**What needs to be done**
Although the data below holds other lines too, output only those from the line with "Sobre ambos, un" up to and including the line with "精华版:分时主力吸筹:增加了买入点提示,效果不错。手机电脑都可用。", exactly as they appear.

**Data records**
□ □ □ □

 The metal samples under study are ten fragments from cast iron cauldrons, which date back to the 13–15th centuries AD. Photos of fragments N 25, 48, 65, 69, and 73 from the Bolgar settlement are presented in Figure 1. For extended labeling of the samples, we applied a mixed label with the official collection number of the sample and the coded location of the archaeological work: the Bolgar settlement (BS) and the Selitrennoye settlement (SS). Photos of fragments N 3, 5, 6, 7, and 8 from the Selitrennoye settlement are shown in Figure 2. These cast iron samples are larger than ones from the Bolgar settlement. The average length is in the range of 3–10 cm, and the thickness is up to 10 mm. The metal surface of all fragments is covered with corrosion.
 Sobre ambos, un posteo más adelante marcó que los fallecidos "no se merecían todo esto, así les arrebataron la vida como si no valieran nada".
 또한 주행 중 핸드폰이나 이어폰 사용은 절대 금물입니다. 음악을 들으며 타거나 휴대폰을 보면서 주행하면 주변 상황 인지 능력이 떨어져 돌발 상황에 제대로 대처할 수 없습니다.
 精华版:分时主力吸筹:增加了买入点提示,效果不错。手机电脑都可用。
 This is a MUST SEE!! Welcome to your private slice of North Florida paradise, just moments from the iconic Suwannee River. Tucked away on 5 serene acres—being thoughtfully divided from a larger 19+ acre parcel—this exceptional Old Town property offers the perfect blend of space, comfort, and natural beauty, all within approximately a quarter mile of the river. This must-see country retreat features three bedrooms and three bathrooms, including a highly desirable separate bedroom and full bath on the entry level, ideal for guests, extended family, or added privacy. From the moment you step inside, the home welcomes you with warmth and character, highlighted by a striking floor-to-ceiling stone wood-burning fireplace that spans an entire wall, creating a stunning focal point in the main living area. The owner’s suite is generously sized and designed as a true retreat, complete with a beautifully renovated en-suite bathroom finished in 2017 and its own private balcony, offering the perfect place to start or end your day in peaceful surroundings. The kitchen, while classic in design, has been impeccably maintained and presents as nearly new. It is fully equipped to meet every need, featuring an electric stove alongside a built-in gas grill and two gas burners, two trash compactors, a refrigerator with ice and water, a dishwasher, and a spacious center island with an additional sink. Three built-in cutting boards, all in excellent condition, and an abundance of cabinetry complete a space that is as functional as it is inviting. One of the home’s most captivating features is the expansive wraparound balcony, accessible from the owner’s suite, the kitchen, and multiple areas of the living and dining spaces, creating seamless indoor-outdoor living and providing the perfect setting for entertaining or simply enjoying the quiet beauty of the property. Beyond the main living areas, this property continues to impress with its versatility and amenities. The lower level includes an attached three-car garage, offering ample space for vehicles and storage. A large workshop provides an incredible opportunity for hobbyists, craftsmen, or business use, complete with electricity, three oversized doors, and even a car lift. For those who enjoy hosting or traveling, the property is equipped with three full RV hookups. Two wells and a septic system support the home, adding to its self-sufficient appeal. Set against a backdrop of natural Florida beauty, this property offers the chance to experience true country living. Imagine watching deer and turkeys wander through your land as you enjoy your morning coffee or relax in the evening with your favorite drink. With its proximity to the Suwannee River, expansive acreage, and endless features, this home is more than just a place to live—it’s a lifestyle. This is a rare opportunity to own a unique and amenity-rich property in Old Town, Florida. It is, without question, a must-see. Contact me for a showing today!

□ □ □ □

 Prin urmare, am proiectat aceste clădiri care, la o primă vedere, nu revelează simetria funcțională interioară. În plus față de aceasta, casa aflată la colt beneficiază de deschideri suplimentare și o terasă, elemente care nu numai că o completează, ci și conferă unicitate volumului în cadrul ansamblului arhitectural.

□ □ □ □

**Solved exercise**
 Sobre ambos, un posteo más adelante marcó que los fallecidos "no se merecían todo esto, así les arrebataron la vida como si no valieran nada".
 또한 주행 중 핸드폰이나 이어폰 사용은 절대 금물입니다. 음악을 들으며 타거나 휴대폰을 보면서 주행하면 주변 상황 인지 능력이 떨어져 돌발 상황에 제대로 대처할 수 없습니다.
 精华版:分时主力吸筹:增加了买入点提示,效果不错。手机电脑都可用。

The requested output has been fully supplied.